Reimann Hendrik, Ramadan Rachid, Fettrow Tyler, Hafer Jocelyn F, Geyer Hartmut, Jeka John J
Department of Kinesiology and Applied Physiology, University of Delaware, Newark, DE, United States.
Institute for Neural Computation, Ruhr University, Bochum, Germany.
Front Sports Act Living. 2020 Jul 31;2:94. doi: 10.3389/fspor.2020.00094. eCollection 2020.

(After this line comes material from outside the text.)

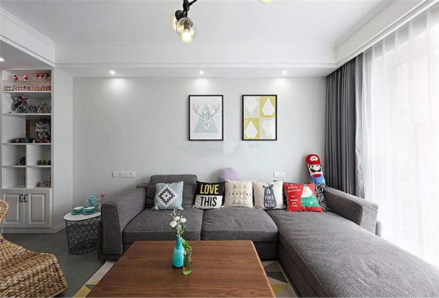 在年輕人的簡約客廳裝修中,沙發(fā)墻往往是留白的墻面,在這個(gè)空空的大幅墻面,若是不加以裝飾點(diǎn)綴,就會(huì)顯得比較單調(diào)空蕩。在沙發(fā)墻上掛上裝飾畫,雖然是也很簡單,卻也會(huì)顯得優(yōu)雅好高檔!

Maintaining balance during walking is a continuous sensorimotor control problem. Throughout the movement, the central nervous system has to collect sensory data about the current state of the body in space, use this information to detect possible threats to balance and adapt the movement pattern to ensure stability. Failure of this sensorimotor loop can lead to dire consequences in the form of falls, injury and death. Such failures tend to become more prevalent as people get older. While research has established a number of factors associated with higher risk of falls, we know relatively little about age-related changes of the underlying sensorimotor control loop and how such changes are related to empirically established risk factors. This paper approaches the problem of age-related fall risk from a neural control perspective. We begin by summarizing recent empirical findings about the neural control laws mapping sensory input to motor output for balance control during walking. These findings were established in young, neurotypical study populations and establish a baseline of sensorimotor control of balance. We then review correlates for deteriorating balance control in older adults, of muscle weakness, slow walking, cognitive decline, and increased visual dependency. While empirical associations between these factors and fall risk have been established reasonably well, we know relatively little about the underlying causal relationships. Establishing such causal relationships is hard, because the different factors all co-vary with age and are difficult to isolate empirically. One option to analyze the role of an individual factor for balance control is to use computational models of walking comprising all levels of the sensorimotor control loop. We introduce one such model that generates walking movement patterns from a short list of spinal reflex modules with limited supraspinal modulation for balance. We show how this model can be used to simulate empirical studies, and how comparison between the model and empirical results can indicate gaps in our current understanding of balance control. We also show how different aspects of aging can be added to this model to study their effect on balance control in isolation.
行走过程中保持平衡是一个持续的感觉运动控制问题。在整个运动过程中,中枢神经系统必须收集有关身体在空间中当前状态的感觉数据,利用这些信息检测可能对平衡造成的威胁,并调整运动模式以确保稳定性。这种感觉运动循环的失效可能会导致跌倒、受伤甚至死亡等严重后果。随着人们年龄的增长,此类失效情况往往会变得更加普遍。虽然研究已经确定了一些与跌倒风险较高相关的因素,但我们对潜在的感觉运动控制循环随年龄的变化以及这些变化与经验确定的风险因素之间的关系了解相对较少。本文从神经控制的角度探讨与年龄相关的跌倒风险问题。我们首先总结最近关于在行走过程中平衡控制时将感觉输入映射到运动输出的神经控制规律的实证研究结果。这些结果是在年轻的、神经功能正常的研究人群中得出的,为平衡的感觉运动控制建立了一个基线。然后,我们回顾了老年人平衡控制能力下降与肌肉无力、行走缓慢、认知能力下降以及视觉依赖增加之间的相关性。虽然这些因素与跌倒风险之间的实证关联已经得到了较好的确立,但我们对潜在的因果关系了解相对较少。确定这种因果关系很困难,因为不同因素都与年龄共同变化,并且很难通过实证进行分离。分析单个因素对平衡控制作用的一种方法是使用包含感觉运动控制循环各个层面的行走计算模型。我们介绍了这样一种模型,它从一小部分具有有限脊髓上调制以实现平衡的脊髓反射模块生成行走运动模式。我们展示了如何使用这个模型来模拟实证研究,以及模型与实证结果之间的比较如何能够揭示我们当前对平衡控制理解中的差距。我们还展示了如何将衰老的不同方面添加到这个模型中,以单独研究它们对平衡控制的影响。